High serotonin (5-HT), not low dopamine (DA) per se, as the main driver of Parkinson Disease (PD)

I have several posts on my blog of studies demonstrating that 5-HT antagonists have demonstrated pr-eclinical activity in treating PD, which strongly implicates 5-HT as a key driver of this pathology. This experimental observation is further strengthened by the known signs of PD, which include tremors (a known sign of excess 5-HT) as well as mood and cognitive disturbances. Several doctors emailed me to say that this hypothesis is premature since there are other conditions such as essential tremor (ET) that has overlapping symptoms with PD and there is no evidence that excess 5-HT drives that condition. Well, the study below may finally provide some clarity to this issue.
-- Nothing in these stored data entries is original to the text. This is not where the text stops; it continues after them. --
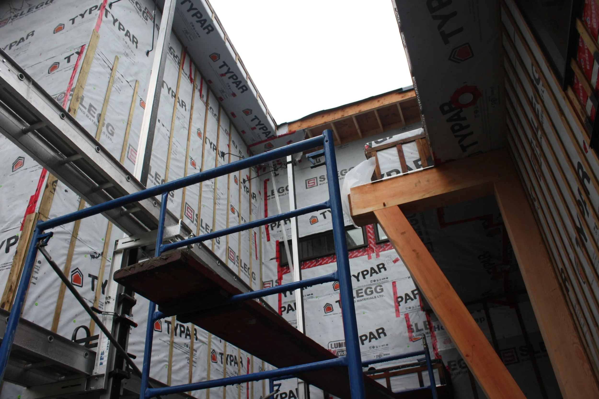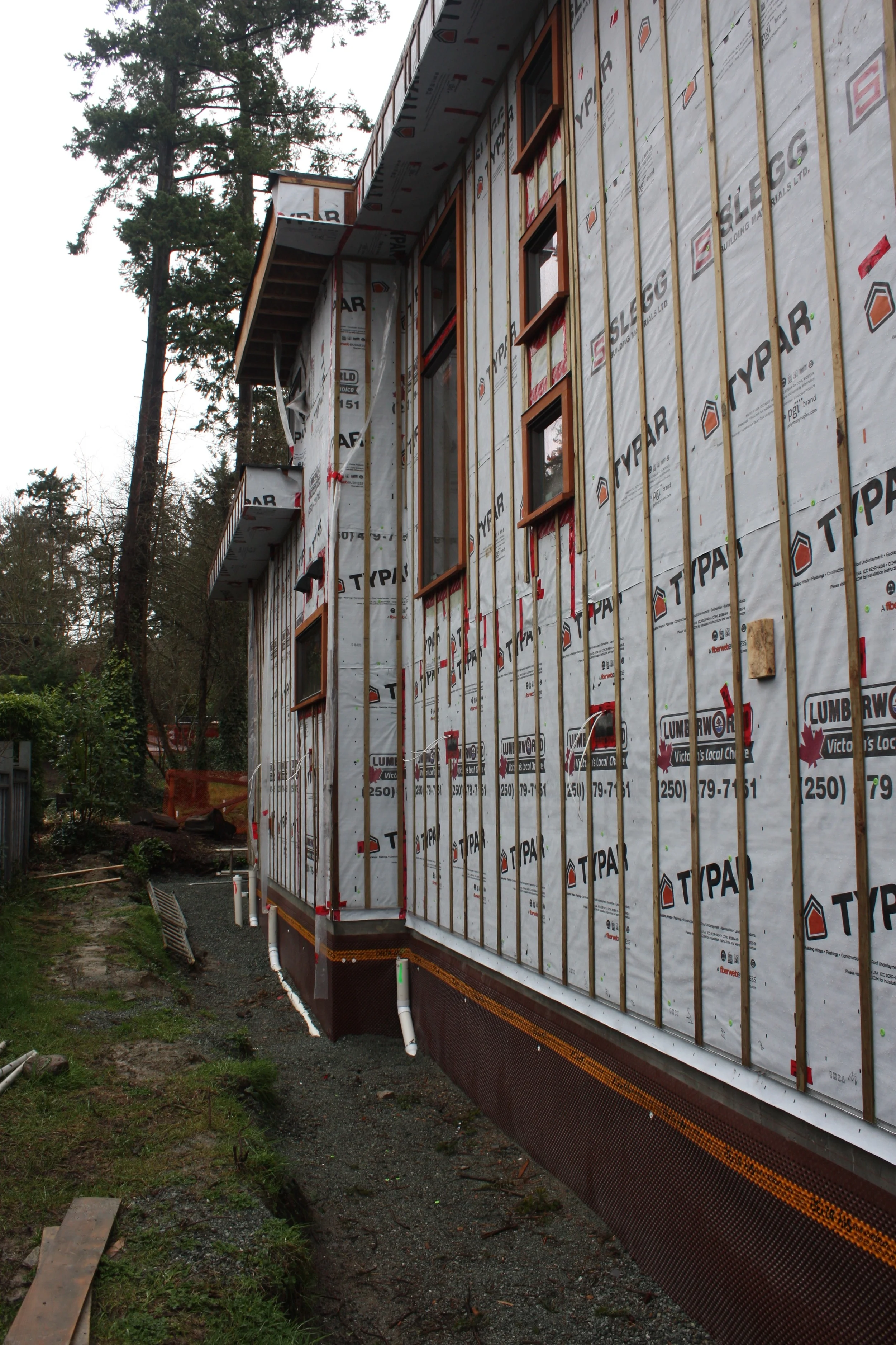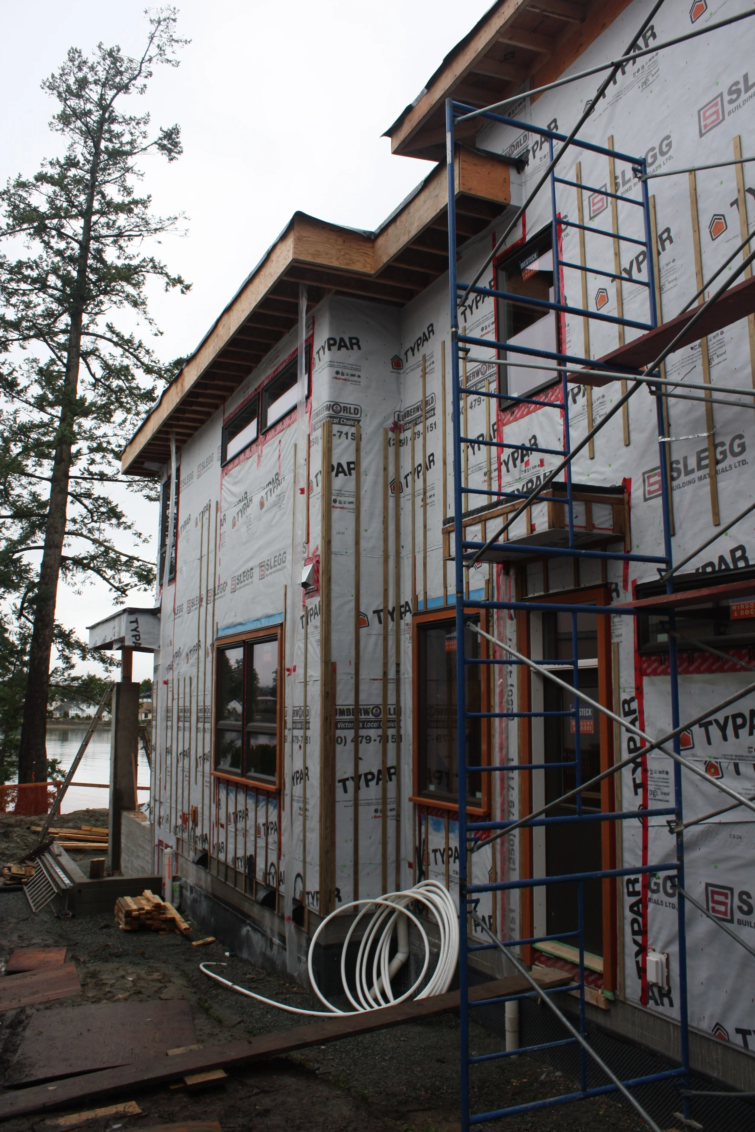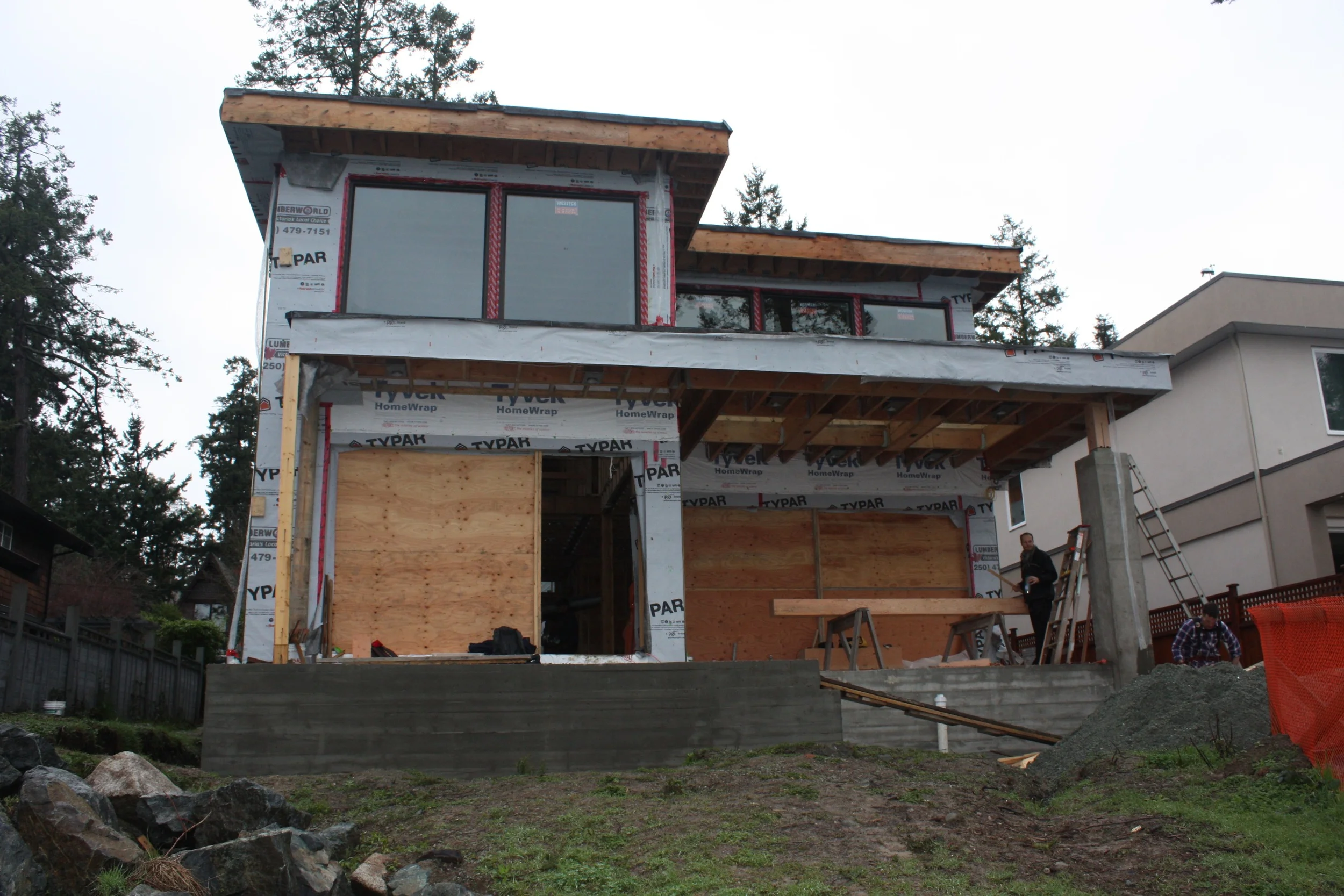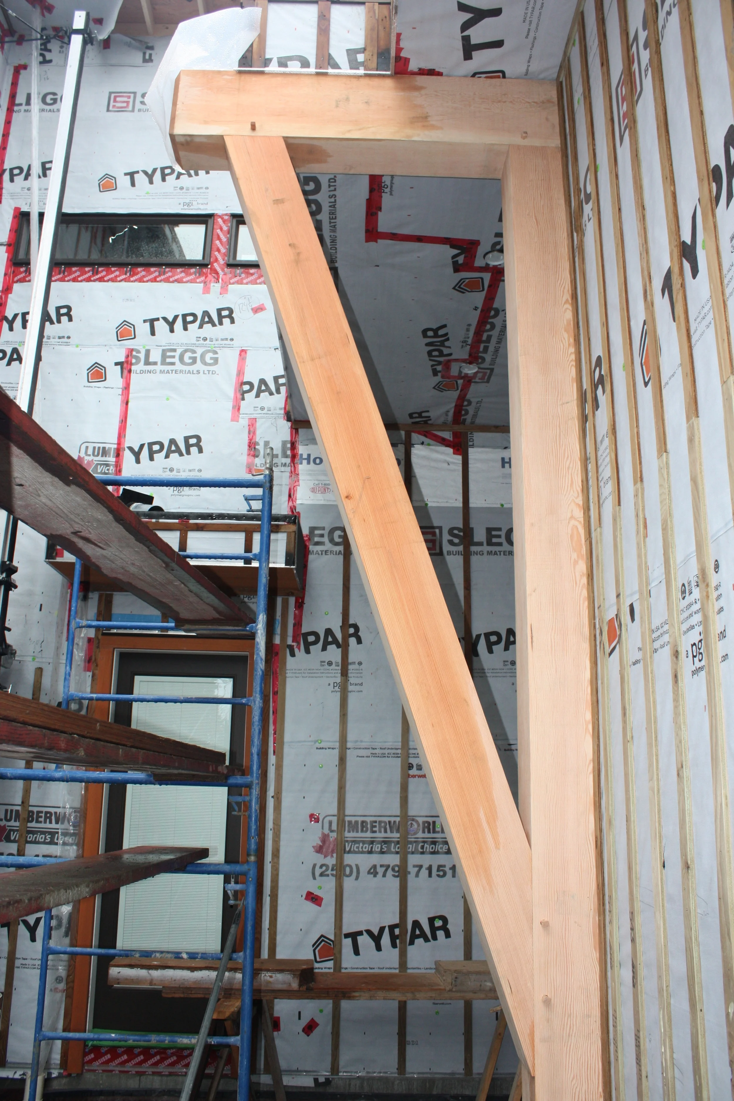 Feb. 18: The cool, rainy week in Sidney has not stopped the team working on the outside of the house preparing it for siding and masonry. Don completed the largest 'knee brace' or strut installed at the front entrance - it is over 12' tall!!. Setting it was a huge job, requiring the efforts of the entire team for most of an afternoon. It seems to float beside the front door, but will eventually have a stone base to rest upon. Concrete was poured on the floors of the garage, and the mechanical room, as well as within the framing for the column on the East side of the outdoor covered patio. The framing was removed, and the Fir pillar was set on top of the column, so it now supports the patio roof. The column will soon be adorned with stone facade, as will the patio walls, the front of the garage and strategic corners of the house - can't wait to see the masons at work.
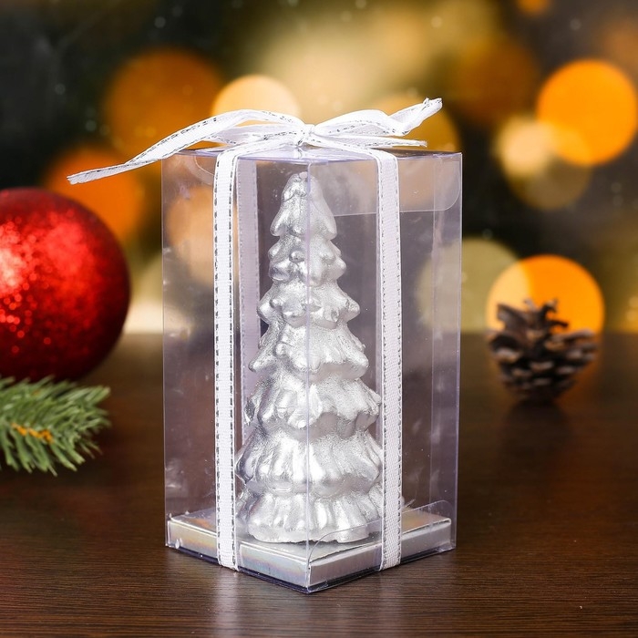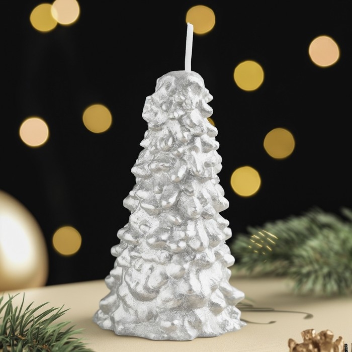 Свеча новогодняя "Ёлка" 10х5см, серебро
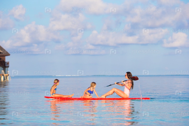 Мать с дочерьми на доске для серфинга
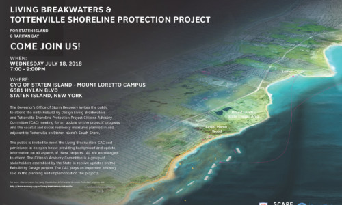 The Governor’s Office of Storm Recovery invites the public to attend the ninth Rebuild by Design Living Breakwaters and Tottenville Shoreline Protection Project Citizens Advisory Committee (CAC) meeting for an update on the projects’ progress and the coastal and social resiliency measures planned in and adjacent to Tottenville on Staten Island’s South Shore.
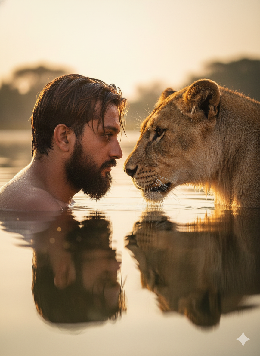 An ultra-realistic, film-like close-up side view of an attractive male [refer to the source image; maintain complete accuracy of facial features] featuring damp, brown locks, next to a regal lioness, with their faces just about touching. Both figures are partly immersed in tranquil, reflective water, resulting in a flawless mirrored image beneath the surface. The illumination is naturally dramatic, typical of the golden hour, highlighting the textures of the moist skin and the lioness’s coat. Strong emotion, sharp focus, high contrast, 8K hyper-realistic quality, shallow depth of field, a true masterpiece.
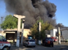 По словам свидетеля масштабного пожара, на месте сейчас работают около 10 пожарных машин, но подойти ближе к месту возгорания невозможно из-за больших столбов дыма и мощного огня.
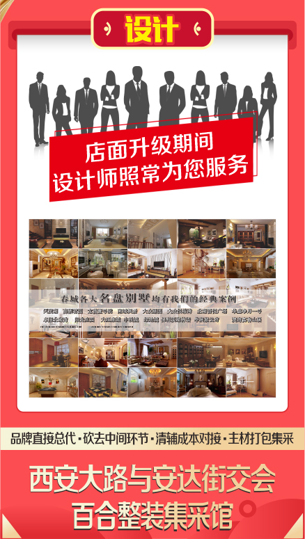 重要消息:百合裝飾店面全新升級,一線大牌震撼來襲。
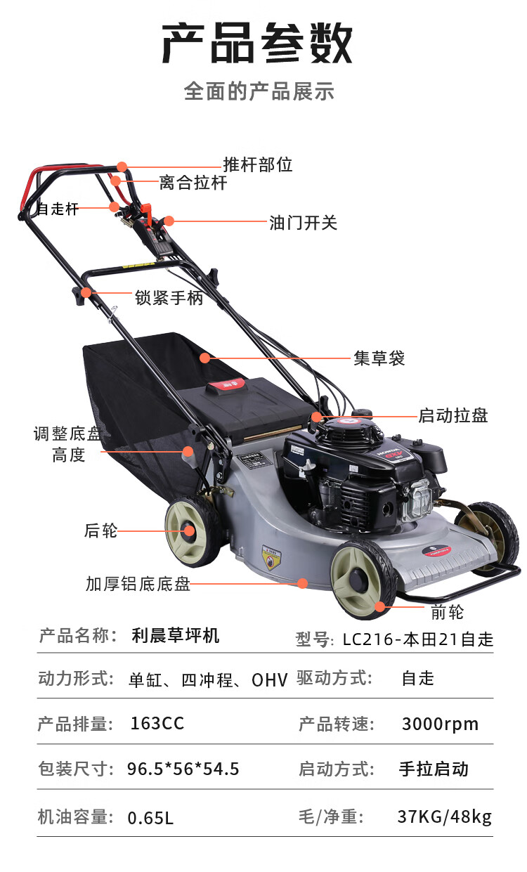 ¥4820.00利晨 割草機汽油機除草機草坪機修剪機打草機剪草機推草機修草機 HRJ216自走型21寸(含草袋)
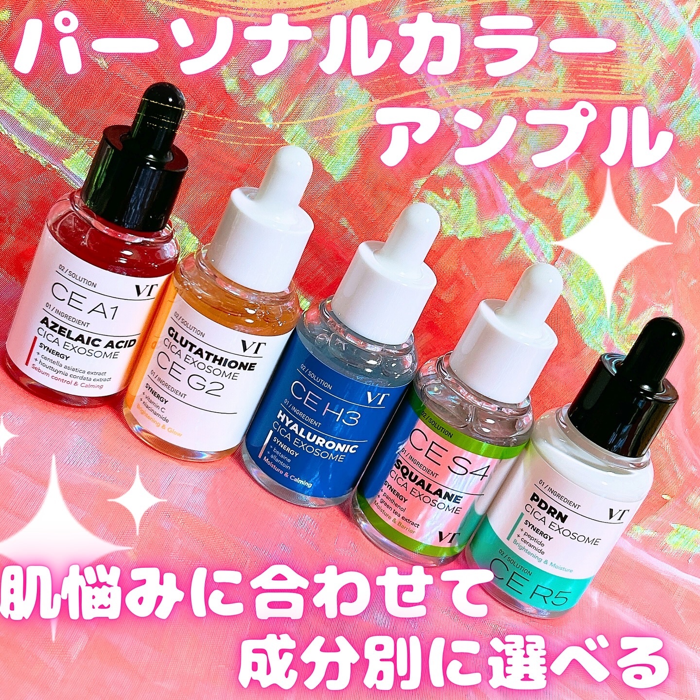 VT独自のCICAエクソソーム配合🌿 毎日使用可能なのも嬉しい〜!肌悩みに合わせて選べる成分別アンプル⬇️ 肌艶ケアのヒアルロン酸×PDRNがお気に入りです🩵🤍✨ Qoo10メガ割期間限定、1+1でゲットできる✨
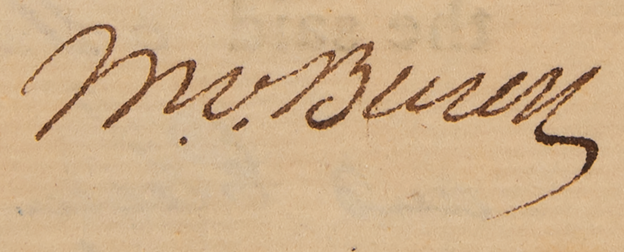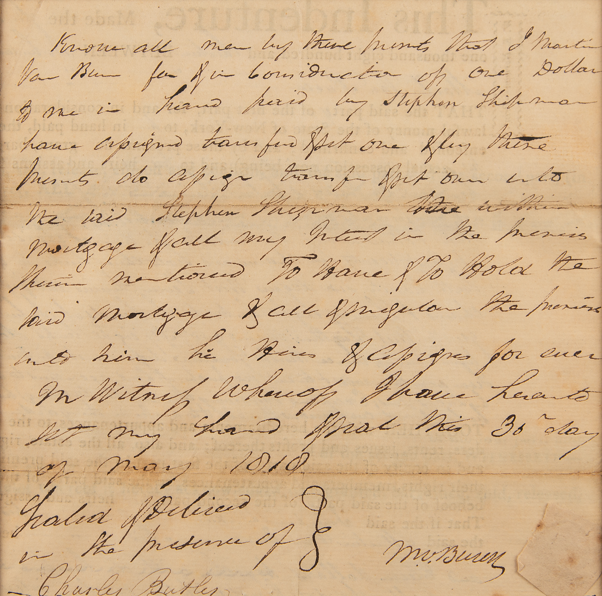 Manuscript DS as Attorney General of New York, signed “M. V. Buren,” one page, 7.5 x 7.5, May 30, 1818. Mortgage assumption document, in part: “Know all men by these presents that I Martin Van Buren for in consideration of one Dollar to me hand paid by Stephen Shipman have assigned transferred & set…the within mortgage & all my Interest in the monier therein mentioned.” Signed at the conclusion by Martin Van Buren. Double-matted and framed with an engraved portrait to an overall size of 19 x 14.5. In very good to fine condition, with intersecting folds and light creasing.
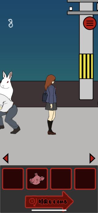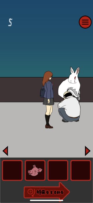 私の背骨を守って 無料 4.5 評価する 送信する Ohaglow STAGE 5 右にスクロールさせて、ウサギの前へ。 ウサギの2つ前に「罠」を置いて、『5回』時間を進めると男がウサギを助ける。 『3回』時間を進めて、左に「豚の頭」を置く。 そのまま時間を進めて、帰宅させる。 STAGE 1 STAGE 2 STAGE 3 STAGE 4 STAGE 5 STAGE 6 STAGE 7 STAGE 8 STAGE 9 STAGE 10 ホラーエンドの出し方
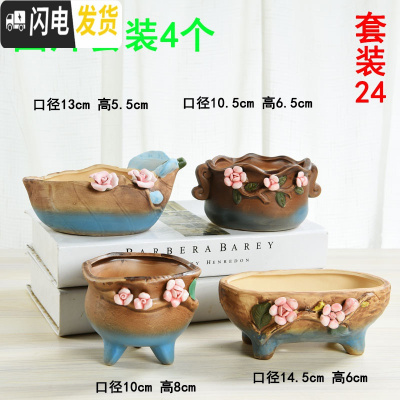 三维工匠 多肉花盆粗陶室内肉肉植物盆栽大口径陶瓷花盆批发 套装24 中等花盆容器

Namely, while dopamine rises and 5-HT falls in people with ET under various daily situations, in people with PD dopamine levels largely stay the same, while 5-HT levels either also stay the same or rise. In other words, in non-PD people, the DA/5-HT ratio varies – i.e. it rises in most positive situations while falling in negative ones. In PD patients the DA/5-HT ratio is virtually constant and low most of the time (due to the low baseline DA). Be that as it may, the study corroborates the use of serotonin antagonists as treatment for PD and suggests that combining them with a DA agonist may have synergistic (curative?) effects. About a decade ago, I suggested to several PD patients who emailed me that they ask their doctors about such a combo treatment, and the ones that emailed me back after having tried the combo all said that their disease progression has been arrested. My suggestion at the time was based purely on intuition, given the known negative effects of 5-HT on the entire brain due to its role as a master “negative” metabolic regulator. In other words, PD is yet another condition driven by low metabolism. The study below and the others I discovered in recent years suggest that my intuition was on the right track. Ray was right about this – truth always comes first through intuition, which is based on experience, and not through analytical/abstract thinking.

Oh, one last thing that I found interesting. Apparently, 5-HT rises robustly when there is an expectation of punishment/adversity. No wonder depression and PD rates are skyrocketing. Most of the Western population lives in chronic anxiety and fear of punishment from just about anybody around them.

https://www.nature.com/articles/s41467-025-63079-w

“…In looking at the response of DA, we found there was a difference between positive and negative NPE trials, with DA release on average being higher on positive NPE trials (N-M4: main effect of NPE F(1, 558.31) = 4.01, p = 0.046), and while DA patterns were not present in PD patients (e.g., Fig. 2f), patient group differences in DA were not statistically robust (p > 0.05). Notably, the differences in 5HT responses appeared more robust, and the overall reduction in 5HT on positive NPEs observed in ETs was absent in PDs (N-M5: NPE × Patient Group interaction for 5HT; F(1, 545.01) = 4.46, p = 0.035; 5HT response on positive NPE, ET vs. PD t(81.3) = −2.281, Bonferroni corrected p = 0.025).”

“…The importance of DA-5HT opponency during reward-related processing has previously been proposed62,63; with fast changes in DA release generally linked to the prediction of rewards and increases in 5HT release associated with an expectation of punishment64,65. ”

Key signature sets Parkinson’s and essential tremor apart

“…But when they looked closely—using refined tools and a model of how people formed expectations—it was not dopamine that best distinguished Parkinson’s from essential tremor. Instead, it was serotonin, a different neurotransmitter that has not been as prominent in theories of Parkinson’s disease, opening a new view and potentially powerful scientific and clinical insight into this disease. “What surprised us was how much serotonin stood out,” Howe says. “It wasn’t just that dopamine was disrupted, which was expected. It was that the normal back-and-forth between dopamine and serotonin was gone. There’s neither the serotonin dip nor the dopamine rise. It’s not just one system being disrupted—it’s the lack of that dynamic interaction that turned out to be the clearest difference between Parkinson’s and essential tremor.”